And the inexcusable is used to shift the grounds.

In 2000, hard-right provocateur Ann Coulter glossed Genesis 1:28 by declaring that ‘[t]he ethic of conservation is the explicit abnegation of man’s dominion over the Earth. … God said so: Go forth, be fruitful, multiply, and rape the planet — it’s yours.’ Like a five-year-old who has learnt a swear-word, she was to repeat the sentiment more than once. Despite the best efforts of Time journalist John Cloud, in his 2005 cover-piece gush about her, to advocate rape, even of Gaia, remains almost unrecuperable – as Coulter, neither a fool nor a person who gains her energy from being liked, must have known. The phrase remained shocking.

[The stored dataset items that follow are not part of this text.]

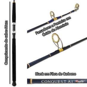 Vara leve composta por blank haste em Fibra de Carbono, passadores reforçados em Aço Inoxidaxel e cabo em borracha EVA.
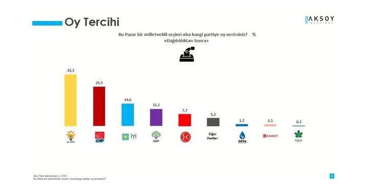 CHP'nin oyları yüzde 25.5 çıkarken, İYİ Parti'nin oyları yüzde 14.6 oldu. HDP yüzde 11.1, MHP yüzde 7.7 çıktı.
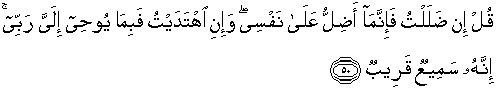 50. Katakanlah: "Jika aku sesat maka sesungguhnya aku sesat atas kemudharatan diriku sendiri; dan jika aku mendapat petunjuk maka itu adalah disebabkan apa yang diwahyukan Tuhanku kepadaku. Sesungguhnya Dia Maha Mendengar lagi Maha Dekat."

But its work was done, an agenda stretched. It looms, an unacknowledged parent, over the Republican slogan born in 2008, and given later prominence by Sarah Palin: ‘Drill Baby Drill!’ Not only in its enthusiastic scorn for any environmental concerns but in the grotesque and ostentatious sexualisation of the image. Wink wink: this is the symbolic rape you can get away with, the sadism you can speak to push your politics of remorselessness, and it relies on the excess that proceeded it.

Here is the class logic of surplus social sadism. Whether any particular iteration of sadism is rehabilitated or not – which is

the result of class as much as an ethical struggle – the bounds of permissible punitivity are constantly stretched. Depths plumbed.

For our enemies there are, in an inverse of the boosterism of the Left, and one with more claim to realism, #massiveopportunitiesfortherightinallthis.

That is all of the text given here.